After my ill-fated meeting with Oscar Moore, I trained even harder than before, and I continued to set personal bests in subsequent years. Unfortunately, I never met the chap again in competition. Had that happened, he might have defeated me, but I can guarantee you that it would have been by a much lesser margin than our first meeting. I might have even kicked his butt!
In March of 2005, I had been cycling for just a few months, and, much to my glee, I discovered that I apparently had good genetics for the sport. I was “hanging” with the fast boys and started to consider the possibility of competing. I decided to enter one of the many Senior Games events offered throughout the year in Florida, and decided on an out-of-the-way venue where I could probably start my racing career with a win. The event was a 5 kilometer time trial, and I raced my heart out only to discover that not only did I not win (I took second), but I had lost by 33 seconds over a rather short distance! “Maybe bicycle racing was not for me,” I thought as a silver medal was hung around my neck.
The person who had defeated me, was Leon Burk, a multiple state and national time trial and road race champion who had broken numerous time trial records. In that obscure venue, I had stumbled on to a competition with one of the best racers in the country in my age group! As an aside, Leon is one of the most incredible gentlemen one could ever hope to meet. He is the prototype of a nice, unassuming, modest, but extremely talented man – the type of guy who you almost don’t want to defeat.
I had run into another example of levels, but I used it to inspire me rather than discourage me. I vowed that I would train diligently and someday – although it seemed an impossible dream at the time – defeat Leon in a time trial race. I kept a picture of him riding his time trial bike on my computer. Finally a year and 10 months subsequent to the first meeting, I defeated Leon in a 5K time trial. The margin was a mere 3 seconds, but I was elated.
Off the subject of levels for a moment: Let your defeats and failures inspire you. I mentioned in an earlier article dealing with the subject of time trial racing, that at the 2007 Senior Olympics, I went off course in a 10K time trial that I was sure I would win.
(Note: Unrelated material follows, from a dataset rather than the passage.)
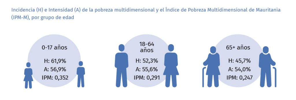 Los resultados del análisis de la pobreza multidimensional por grupo de edad muestran que los niños y las niñas sufren más de pobreza multidimensional que los adultos: entre los niños y las niñas de 0 a 17 años, el 61,9% es pobre multidimensional, en comparación con el 52,3% de los adultos de entre 18 y 64 años.
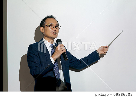 指し棒を持つ男性講師

I must honestly say that I still cannot help but thinking, “what if,” but I used the incident to inspire me to become a better cyclist. I trained harder than ever, and as of this writing, I have not lost another time trial in a year and nine months since the incident at the Olympics.
Train hard, treat your losses as inspirational fodder, and, perhaps, someday a competitor will tell the tale of the time he crossed your path only to have the phenomenon of levels painfully demonstrated to him or her!